Seeing a potential break between Washington and Jerusalem, Iran, Syria, Hezbollah, Hamas and Palestinian leader Mahmoud Abbas have done everything possible to undermine the U.S.-Israeli relationship even more. Palestinian incitement and violence against Israel and Jews have increased as have missile attacks from Gaza and Arab riots across Israel and the West Bank. And why not? If the Obama administration is to adopt the policies of Israel’s enemies, how can Israel’s enemies be any less aggressive than the White House? As a result, the administration’s constant affirmations of its commitment to Israel’s security – from officials in Washington, to Mitchell and Biden in Israel, to Clinton at the AIPAC Conference last month are no longer credible. The Obama administration has jeopardized not Israel’s stature, but its own regional interests and its international credibility. It is no longer seen as a reliable ally by the Israelis, the Europeans, the Asians, and especially by the Arab/Persian world.

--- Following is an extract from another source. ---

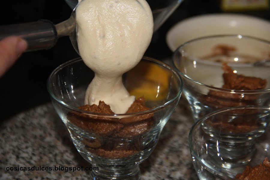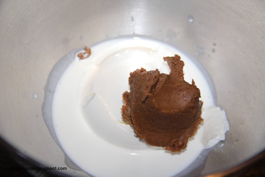 Por otro lado batimos el mascarpone junto a la crema de speculoos y 100 mililitros de nata (crema de leche). Reservamos.
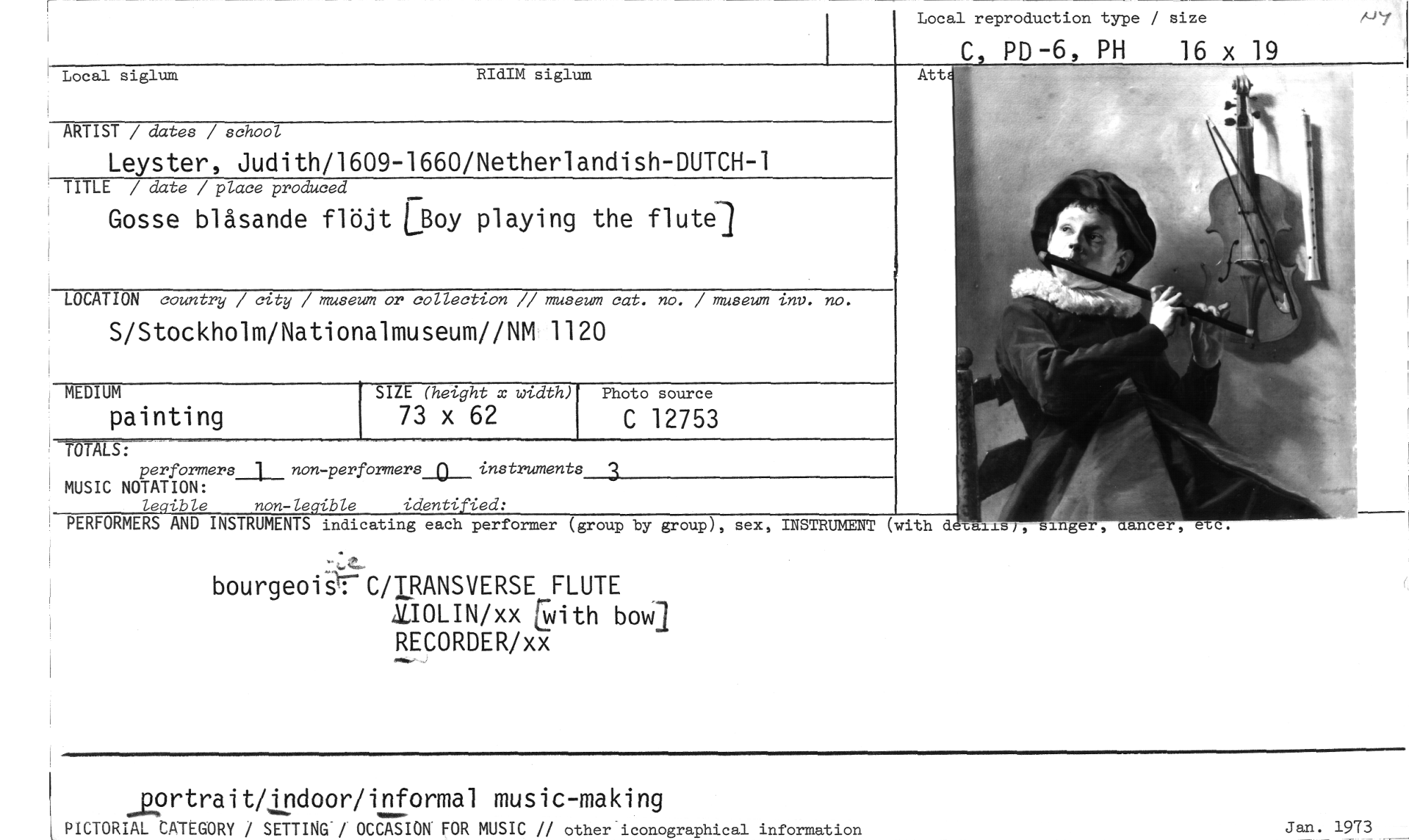 //// Local reproduction type / size //// C, PD-6, PH 16 x 19 //// //// Att //// Local siglum RIdIM siglum //// ARTIST / dates / school //// Leyster, Judith/1609-1660/Netherlandish-DUTCH-1 //// TITLE / date / place produced //// Gosse blåsande flöjt Boy playing the flute] //// LOCATION country / city / museum or collection // museum cat. no. / museum inv. no. //// S/Stockholm/Nationalmuseum//NM 1120 //// MEDIUM //// painting //// SIZE (height x width) //// 73 x 62 Photo source //// C 12753 //// MALS: //// performers_j_ non-performers_a__ instruments 3 MUSIC NOTATION: //// legible non-legible identified: //// PERFORMERS AND INSTRUMENTS indicating each performer (group by group), sex, INSTRUMENT (with d aiis) singer, //// bourgeofv: C/TRANSVERSE FLUTE //// AUOLIN/xx 5With bowl RECORDER/xx //// _eortrait/indoor/informal music-making //// PICTORIAL CATEGORY / SETTING / OCCASIOM FOR MUSIC // other iconographical information //// Jan. 1973 ////

The Obama administration had best not delude itself: The Arab Street will never support America. When the U.S. distances itself from Israel, it does not win influence with the Arab world; it only earns their disdain and justifies the Arab world backing away from any peace settlement. The Obama administration considers establishing a Palestinian state central to their other regional goals, and believes that the Palestinians, led by Mahmoud Abbas and Salam Fayyad are ready to run a country. He is wrong on both counts. An Israeli-Palestinian peace agreement will not solve America’s problems with Iran, Iraq, Afghanistan or al-Qaeda contrary to statements issued by some administration officials. As Centcom commander Gen. David Petraeus said in his testimony before Congress recently: “Even if the U.S. were to announce a total military and economic boycott of Israel tomorrow, nothing would induce radical Islamists to lay down arms against America. Even if America joined the global jihad and offered to fight shoulder to shoulder with al Qaeda, the extremists would not accept the offer, and give up their attacks against U.S. targets. For extremist regimes like Iran, Israel is a secondary target. Their main problem is the Western world and its leader, the United States.”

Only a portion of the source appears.